Es war einer der seltenen gemeinsamen Auftritte von Wiener rot-grünen Spitzenpolitikern: Sozialstadtrat Peter Hacker (SPÖ) und die neue Grünen-Chefin Birgit Hebein haben am Donnerstag zur Pressekonferenz geladen. Eigene Pläne für die Stadt wurden nicht vorgestellt, dafür gab es massive Kritik am türkis-blauen Mindestsicherungmodell. Die Bundeshauptstadt werde den vorliegenden Regierungsentwurf - falls er in dieser Form kommt - nicht umsetzen. Der Entwurf sei „ein echter Wahnwitz“, sagte Hacker.
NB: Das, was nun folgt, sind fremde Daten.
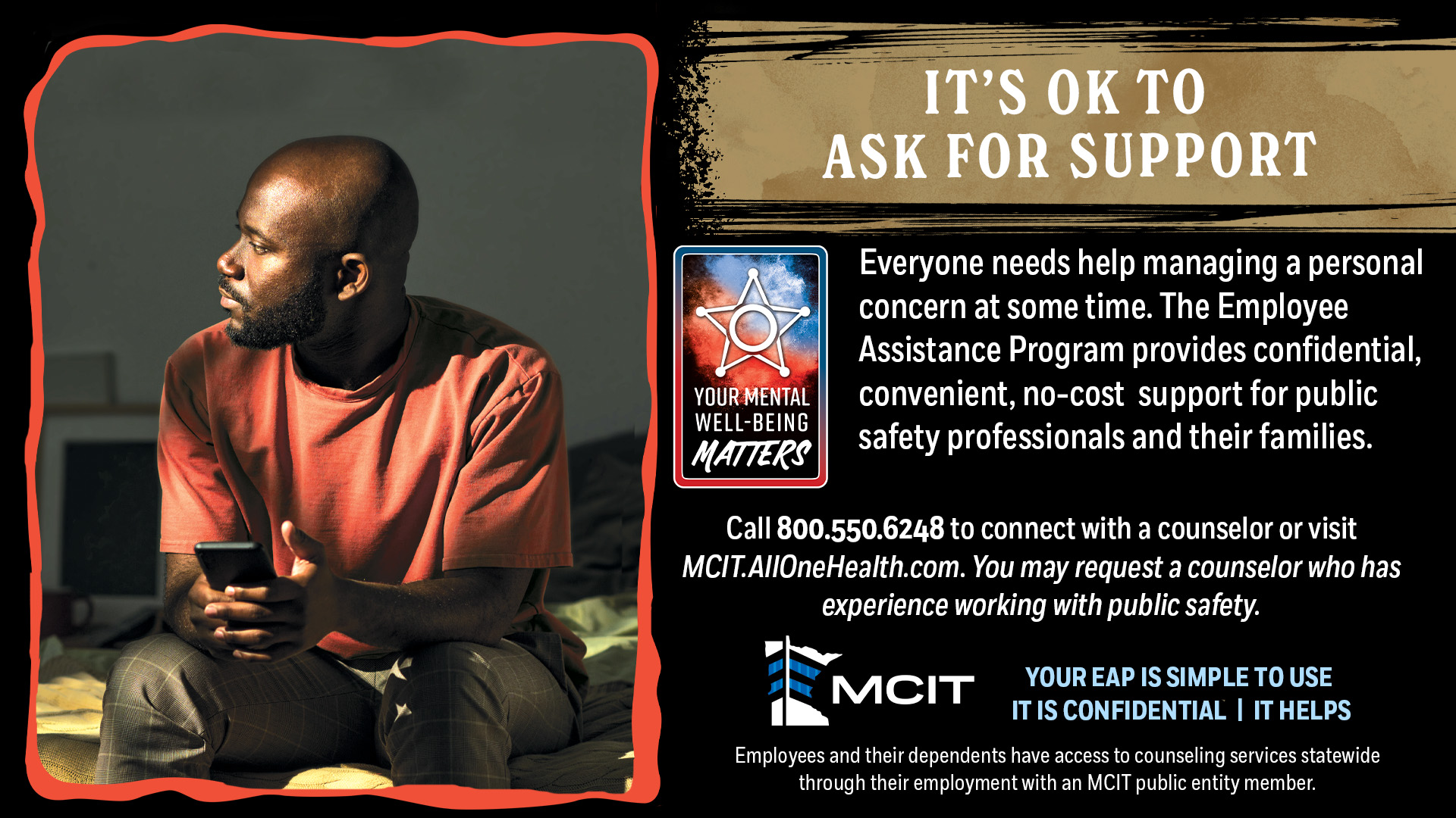 Promote the Employee Assistance Program to employees and officials using the below poster and digital image. It reminds public safety staff that it’s OK to ask for help and that everyone needs support at some time. The EAP can assist them with the unique challenges of being a public safety professional.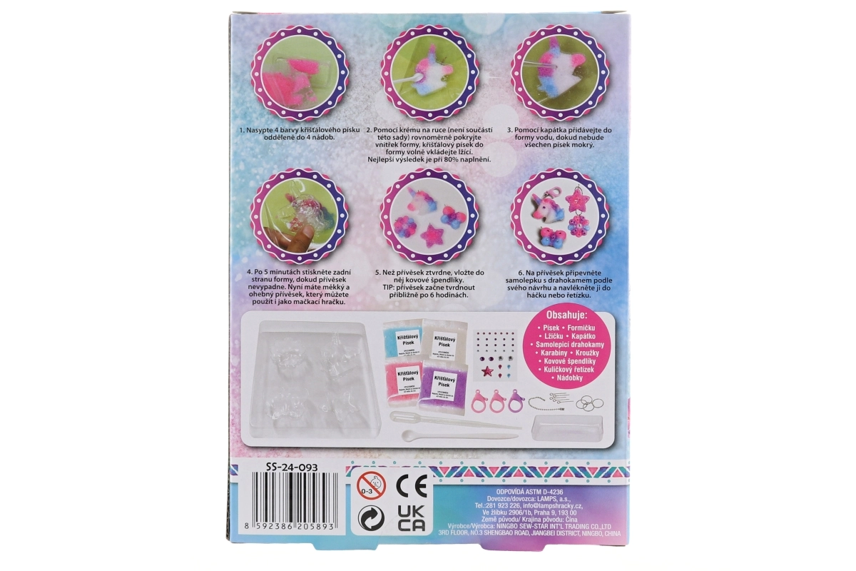 Questo set divertente e semplice permette ai bambini di creare ciondoli originali secondo la propria fantasia. Grazie alla procedura facile con aggiunta d’acqua e al ricco assortimento di accessori, nasceranno decorazioni di cristallo uniche per chiavi, zaino o come regalo.

Angekündigt wurde ein Rechtsbruch, sollte das Modell nicht überarbeitet werden. Hacker formuliert es so: „Der Entwurf zum Sozialhilfe-Grundsatzgesetz der Bundesregierung ist unvollständig und teilweise unverständlich, es ist keine echte Reform oder Weiterentwicklung erkennbar. Ohne umfassende Reparaturen kann und wird die Wiener Stadtregierung dieses Gesetz nicht in dieser Form umsetzen.“
„17 potenzielle Verfassungswidrigkeiten“
Die Begutachtung durch die Experten der Stadt habe insgesamt „17 potenzielle Verfassungswidrigkeiten bzw. Widersprüche zu europarechtlichen Bestimmungen“ ergeben. Allerdings wird man vorerst nicht vor Gericht ziehen, sondern setzt zunächst auf Verhandlungen mit der Bundesregierung. Auch Hebein, eine Mindestsicherungs-Enthusiastin der ersten Stunde, übt (wenig überraschend) Kritik: „Der vorliegende schwarz-blaue Entwurf ist menschlich Müll. Das wird es in Wien nicht geben.“
Was Rot-Grün stört:
Bundesregierung lobt „faire“ Reform der Mindestsicherung
Ende November lobten Bundeskanzler Sebastian Kurz (ÖVP) und Vizekanzler Heinz-Christian Strache (FPÖ) das Modell als fair und gerecht und strichen insbesondere Arbeitsanreize für Bezieher hervor. Österreich habe bereits mehr Mindestsicherungsbezieher als das Burgenland Einwohner und jeder zweite sei Ausländer. „Wir haben eine massive Zuwanderung in das System der Mindestsicherung“, betonte Kurz. Daher schlage man nun ein „gerechteres System“ mit Arbeitsanreizen vor. Auch der „Fleckerlteppich“ der unterschiedlichen Länderregelungen werde damit beendet.
Für Einzelpersonen sieht die Mindestsicherung Neu einen Höchstbetrag von 863 Euro vor, bei Paaren maximal 1208 Euro. Bezieher mit schlechten Deutschkenntnissen sollen ein Drittel weniger bekommen. In besonders teuren Städten sind zusätzliche Sachleistungen möglich, die aber mit 30 Prozent der Mindestsicherung gedeckelt werden.